Just to clarify, When you now bind a function using BindToClose, The game server itself will pass the enum to your bound function as the first parameter. It’s not necessary for you to pass anything in your own code.
Previously creators didn’t have direct information as to why the server was closing.
We’re hoping creators find this useful for a variety of scenarios! Some experience developers who tested this feature have also found this helpful for tracking down memory leaks by collecting information for servers that shutdown due to the OutOfMemory reason.
Thanks a lot! This is such a good change! Our game had a problem in the early days where memory leaks caused server crashes. Everyone in the server would lose their hard-earned winstreaks if they were mid-game during a server crash.
Now, this seems to never happen, but if it ever does, I can be confident that they won’t be recognized as having “left the game during a match” and losing their winstreak, because BindToClose automatically removes the mid-game status in our game.
Just want to throw my hat in the ring to support this idea.
This is absolutely the main use case for us and, pending an official analytics integration, all I see us using this Enum for is passing it to our own analytics to get this data.
I would really appreciate if BindToClose function would return RBXScriptConnection, so I can disconnect the event.

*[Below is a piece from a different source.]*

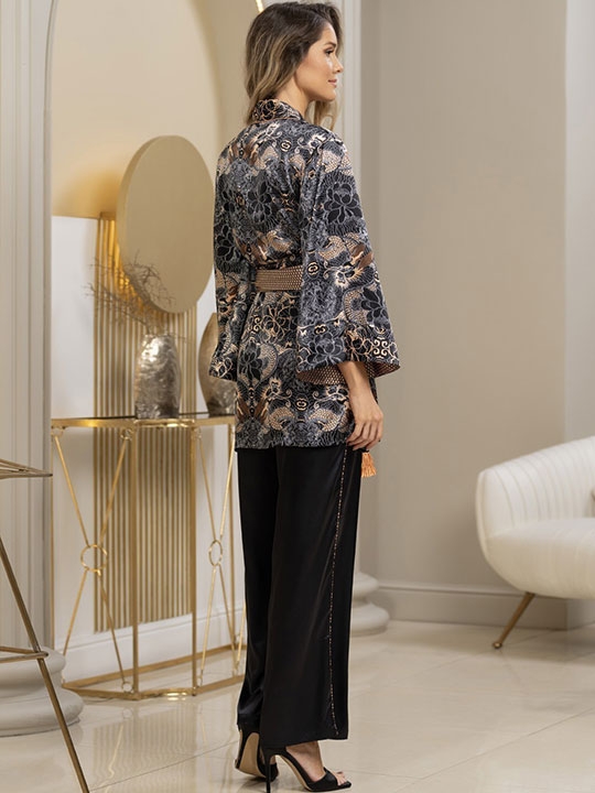 Мультицвет S, XXL, XXXL, XXXXL, XXXXXL Комплект жакет с брюками Mia-Amore выполнен из принтованного смесового шёлка и однотонного атласа. Запашной жакет свободного кроя с длинными рукавами из принтованного смесового шелка, декорированными принтом-компаньоном и золотистым кантом. Жакет запахивается на широкий пояс из ткани-компаньона с золотыми декоративными кисточками. Широкие чёрные брюки с поясом на резинке и боковыми кармашками и принтованным тонким кантом в боковых швах. 70% натуральный шёлк, 25% полиэстер, 5% эластан

Right now it returns () (AKA nothing), and there seems to be no way of disconnecting it.
My library allows to start a service, and stop the service. If the service is stopped by the script, it can’t disconnect BindToClose and will most likely result in a memory leak.

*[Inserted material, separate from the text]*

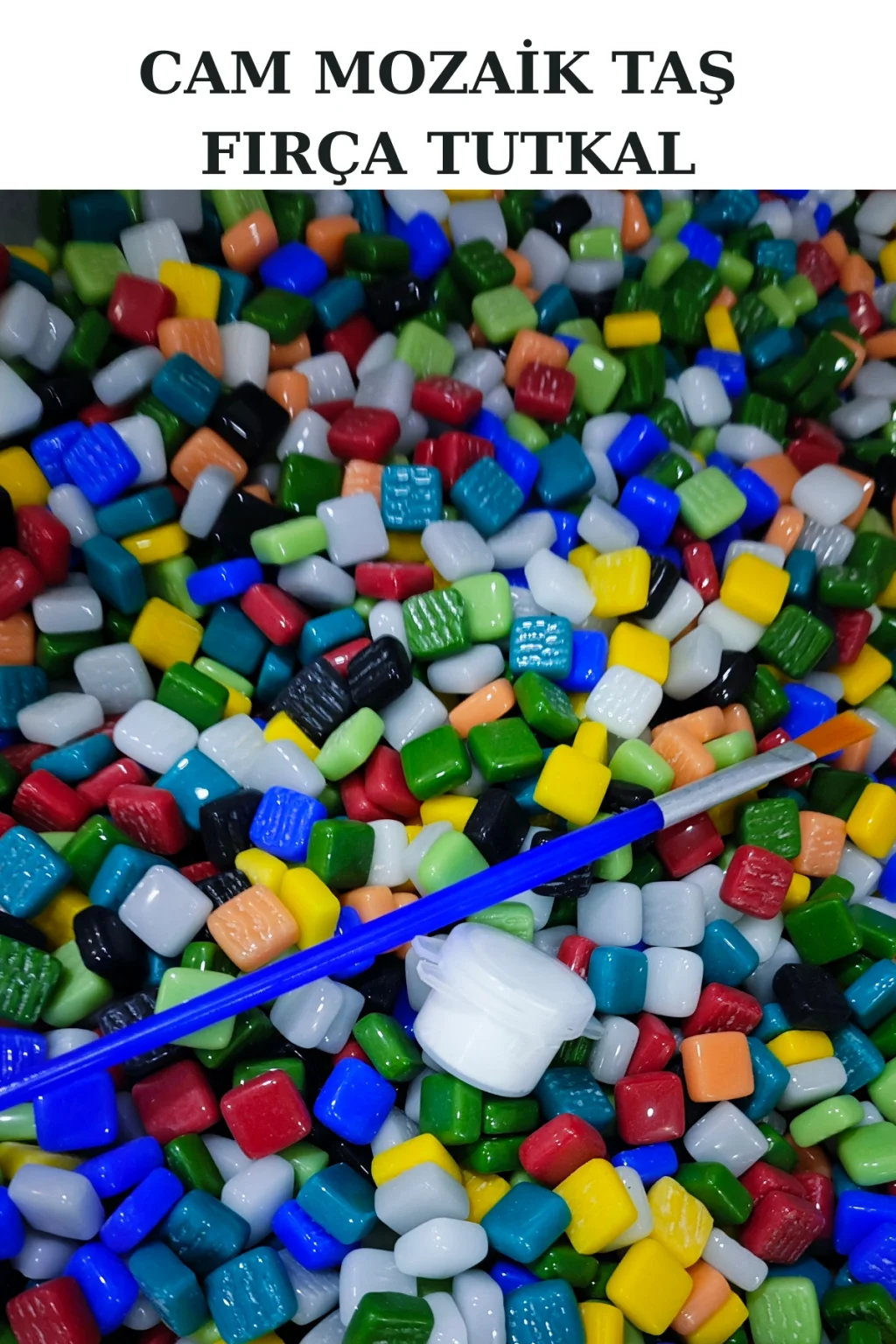 • 1 Adet MDF Baz + 10x10 mm Plastik Mozaik Taş + Tutkal ve Fırça Dahildir

I don’t know about BindToClose returning an event, however, for your issue, I’d make your service store the methods in a seperate table that can be accessed from DataModel:BindToClose and just add/remove methods from the list when necessary.
And, in the BindToClose method, you can just iterate over the list and call each method. If the list is empty, nothing happens
function service:BindToClose(identifier: string, method: (closeReason: Enum.CloseReason) -> ())
methodsList[identifier] = method -- assign the method to the list of methods
end
function service:UnbindFromClose(identifier: string)
methodsList[identifier] = nil -- remove the method from the list
end
-- ^^ This is a more simplified version of what I mean
-- (a seperate script)
-- Run each method from a BindToClose callback
game:BindToClose(function(closeReason)
for _, boundMethod in methodsList do
task.spawn(boundMethod, closeReason)
end
end)
Can we get a separate reason for when it’s closing because of Studio closing or play-test stopping? That way, we can skip saving, et cetera if we want.
Memory leak occurs because functions keep getting added via the BindToClose method. Not when the functions in the internal list are called. The continous growth of the internal list of functions that you cannot remove from is a problem.
-- Pretend that this is C++ code
local callbacks = {}
local function onBindClose(callback)
table.insert(callbacks, callback)
end
-- This is Luau code (with ability to call "onBindClose")
for i = 1, 100 do
onBindClose(function() end)
end
-- Pretend that this is C++ code
print(#callbacks) -- 100
I am aware of this workaround, but it doesn’t solve the problem that there is no way to remove function from the internal list. It’s a bad design in my opinion, because If I can add a function, I should always be able to remove it.
It should either return RBXScriptConnection or a function that you can call.
local connection = game:OnBindClose(function() end)
connection:Disconnect()
local disconnect = game:OnBindClose(function() end)
disconnect()
The OnBindClose method is a bit weird, because it doesn’t follow the current standard where if it was implemented today, it would’ve been something like this:
local connection = game.Closing:Connect(function(reason)
print("Game is about to close", reason)
end)
connection:Disconnect()
So, most likely the disconnect function would be more fitting. At end of the day, I don’t care how it is implemented, as long as there is a way to remove the function I passed into OnBindClose from the internal list.